■ TRY IT
Reproduce only the lines below from the line containing "Venezia Blue (5CH / 158)" to the line containing "Participants at the", exactly as written, with both end lines kept. Omit the pictures.

■ DATA IN THIS EXERCISE

== == ==

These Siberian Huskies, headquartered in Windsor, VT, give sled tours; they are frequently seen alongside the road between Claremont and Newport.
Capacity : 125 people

== == ==

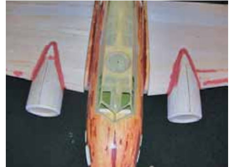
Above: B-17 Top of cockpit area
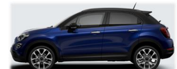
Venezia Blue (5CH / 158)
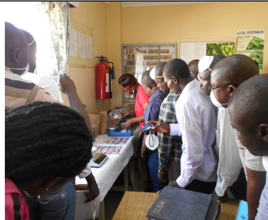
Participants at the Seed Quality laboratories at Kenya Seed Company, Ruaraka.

== == ==

■ TASK RESPONSE
Venezia Blue (5CH / 158)
Participants at the Seed Quality laboratories at Kenya Seed Company, Ruaraka.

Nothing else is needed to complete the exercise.